Someone who perhaps never imagined life would end up here.
As winter approaches, the empath in me keeps searching for answers. I think about the cold nights ahead. I think about isolation. I think about mental health. I think about the quiet shame many people carry when life unravels publicly.
And honestly, I don’t think enough people realise just how close many Australians are to the edge right now.
One unexpected bill.
One relationship breakdown.
One mental health crisis.
One failed season.
One rent increase.
One job loss.
For many, the margin between coping and crisis has become frighteningly thin.
Then there was the second thing I noticed walking down the street.
Three more empty shops.
One of them a business that had been part of our town for decades. A business woven into the fabric of local life. The kind of place that generations have walked into. The kind of business you assume will always be there until suddenly it isn’t.
The empty windows tell a story too.
A story about pressure.
About rising costs.
About changing consumer habits.
About exhaustion.
About people quietly fighting battles most of us never see.
Running a small business has never been easy, but right now many are carrying enormous weight. Financial pressure, staffing challenges, uncertainty, burnout and the emotional strain of trying to hold everything together while still smiling at customers every day.
And again, I find myself asking the same question.
What are the answers?
Because the truth is, the issues confronting society right now feel overwhelming.
Not just here in rural Australia, but globally.
Cost of living pressures.
Housing shortages.
Mental health struggles.
Disconnection.
Loneliness.
Division.
Natural disasters.
Economic uncertainty.
Everywhere you look there seems to be another layer of pressure being placed upon ordinary people already trying to stay afloat.
Sometimes it feels like society is running low on emotional reserves.
People are tired.
Not lazy.
Not weak.
Just tired.
Tired of carrying stress.
Tired of uncertainty.
Tired of pretending everything is okay.
Tired of trying to survive in a world that increasingly feels harder to navigate.
And while I don’t have the answers, I do know this.
We cannot lose our empathy.
We cannot become so consumed by our own stress that we stop seeing others.
Because communities have always been built on people noticing each other. Checking in. Supporting local businesses. Offering kindness. Starting conversations. Creating connection before crisis.

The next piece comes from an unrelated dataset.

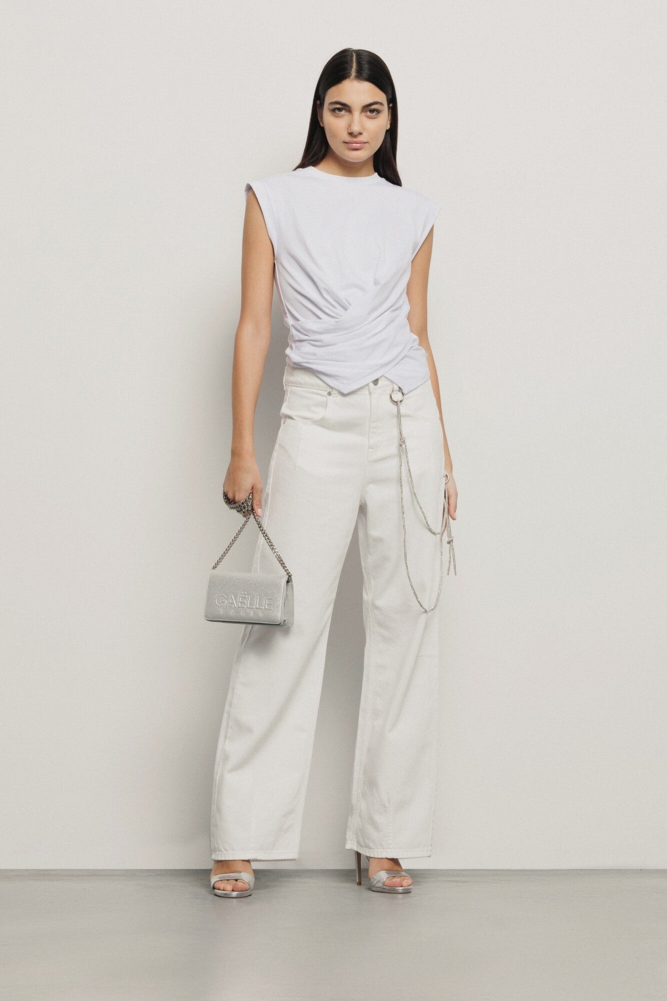 5731 T-shirt smanicata con incrocio sul davanti e logo in strass neri • Bianco

That doesn’t mean ignoring the complexity of these issues or pretending compassion alone fixes systemic problems. It doesn’t.
But humanity still matters.
A conversation matters.
Acknowledgement matters.
Community matters.
Sometimes the most dangerous thing we can do as a society is convince ourselves that someone else will deal with it.
Maybe the answers begin with us paying attention again.
Maybe they begin with stronger conversations around mental health, housing and social connection.
Maybe they begin with creating communities where people feel seen before they reach breaking point.
Maybe they begin with understanding that resilience is not about pretending people are okay when they are not.
I don’t write this from a place of judgement. I write it from a place of concern.
Because walking down that main street felt confronting.
Not because I saw homelessness.
Not because I saw empty shops.
But because both felt like visible reminders that many people are struggling silently beneath the surface.
And perhaps the greatest challenge facing society right now is not just economic.
It is emotional.
The risk that people begin to feel invisible, disconnected and without hope.
That is something none of us can afford to ignore.